Ayatollah decries Iran's overture to U.S. Supreme leader avoids criticizing president

January 17, 1998|By LOS ANGELES TIMES

CAIRO, Egypt -- In a sermon punctuated by cries of "Death to America," Ayatollah Ali Khamenei laid down a tough line yesterday against any normalizing of ties with the United States, saying such scandalous talk must not be tolerated.

But Iran's supreme leader stopped short of criticizing Mohammad Khatami, the country's popular president who last week urged a U.S.-Iranian cultural exchange, professed admiration for American civilization and suggested removing the wall of mistrust" between the two countries.

Khamenei's speech appeared to be another example of the hard-line leader and the moderate president speaking in contradictory voices for the country of 61 million, as they have since Khatami took office in August.

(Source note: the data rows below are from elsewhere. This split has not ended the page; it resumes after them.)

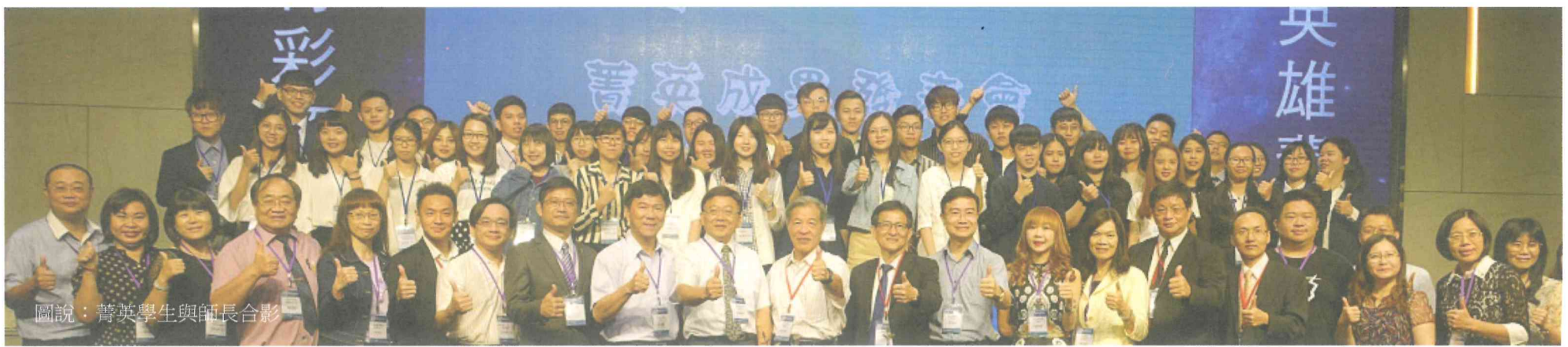
圖說：菁英學生與師長合影
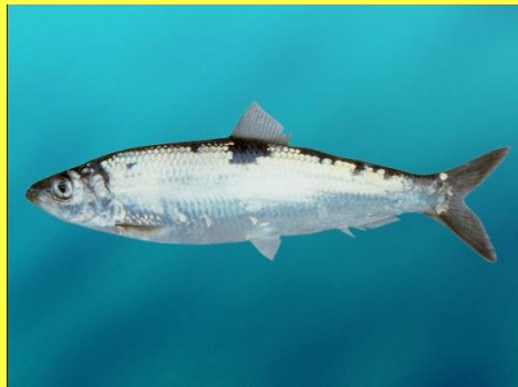
Рыба- сельдь 6
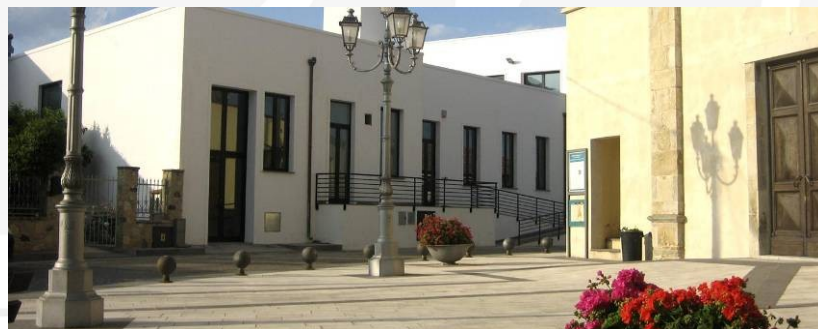
Museo dell'Ossidiana di Pau

Costo proposta "MUSEI del MONTE ARCI" € 15,00, comprensivo di biglietti d'ingresso, visita guidata al GeoMuseo di Masullas ed al Museo dell'Ossidiana di Pau e pranzo presso il ristorante "Taraxi"
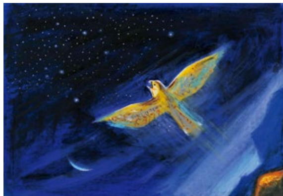
篠崎三朗「よだかの星」1996年 童心社
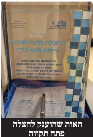
האות שהוענק להצלה פתח תקווה

התושבים. אנו נמשיך לתמוך בארגונים השונים ולסייע להם בפעילותם החשובה.
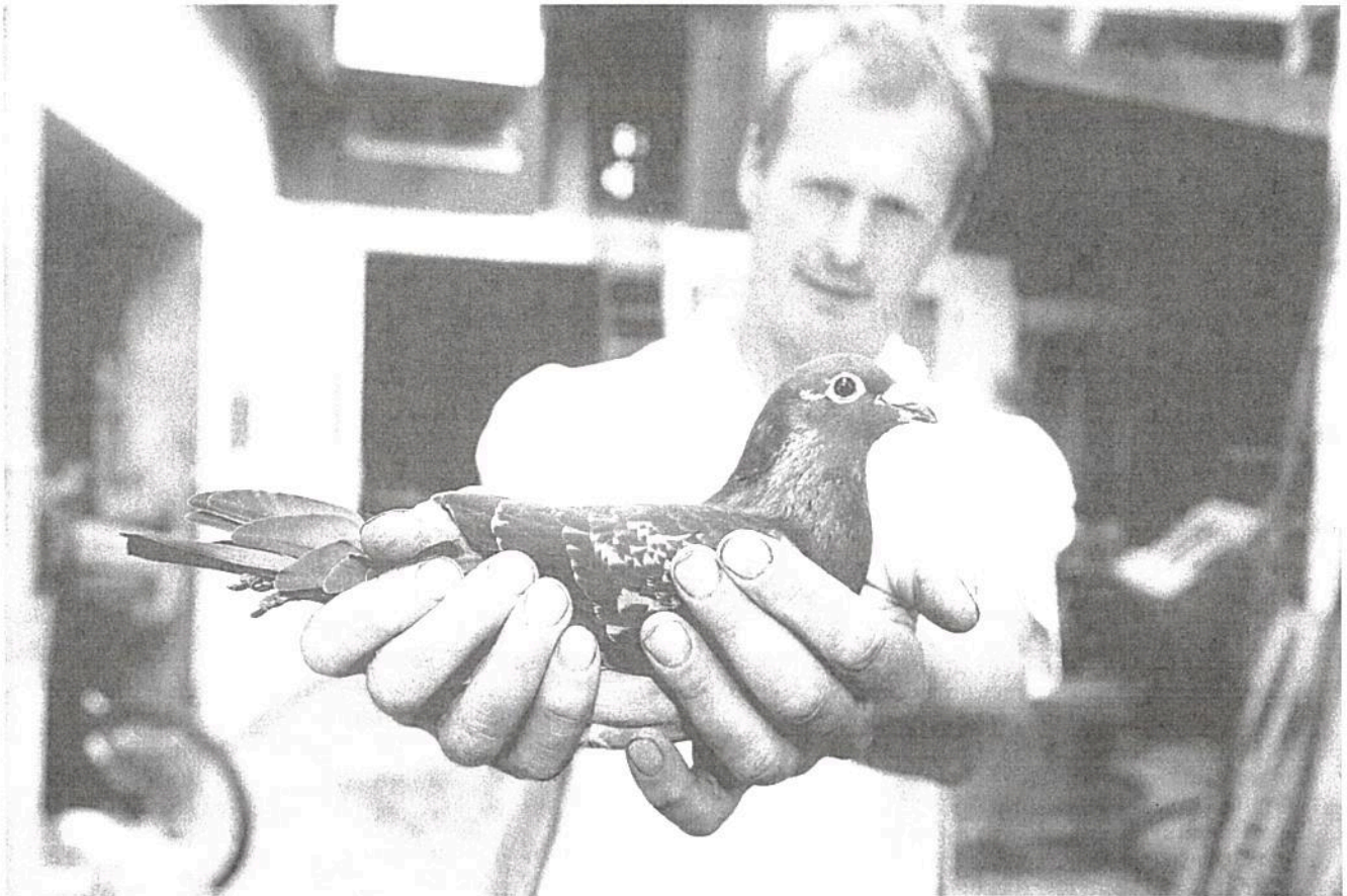
La Catalane, 1 er national femelles Perpignan 2013.

sur Perpignan 2013 : cette année, elle est primée à Bayonne et Narbonne, avant de clôturer sa saison sur Perpignan à 20h18.

Khamenei, the disciple of and hand-picked successor to the late Ayatollah Ruhollah Khomeini, is constitutionally Iran's ultimate spiritual, moral and legal power. He ranks above Khatami. But the elected president, who heads the executive branch of government, has the advantage over Khamenei in terms of personal popularity, especially among the young.

Speaking at Tehran University before thousands of students and senior officials, with the exception of Khatami, Khamenei's speech seemed to be an attempt to reassert his authority over the government and to nip burgeoning speculation in and outside Iran that Tehran's re-establishment of diplomatic relations with Washington is becoming an inevitability.

"Negotiations or normalization of relations with the United States would bring no benefits to the Iranian nation, and the results would be harmful to Iran," Khamenei declared.

He accused the Western news media of "spreading rumors."

"They want to suggest that the Islamic republic has surrendered, that the arrogance [the West] has defeated the Islamic pole in the world," Khamenei said.

He also said it was "unfortunate" that some of the Iranian media are "following the same policy line as the sworn enemies of the Islamic revolution" in favor of relations.

It was Khamenei's first public commentary on Khatami's Jan. 7 overture to the American public, made during an interview with Cable News Network.

Khamenei did not attack Khatami head-on. He said he had listened to Khatami's performance carefully. He called it "an excellent talk" that was "rationally and realistically presented." But he said it was being deliberately misinterpreted, and, "as a leader, I have the responsibility to disclose what is true to the nation."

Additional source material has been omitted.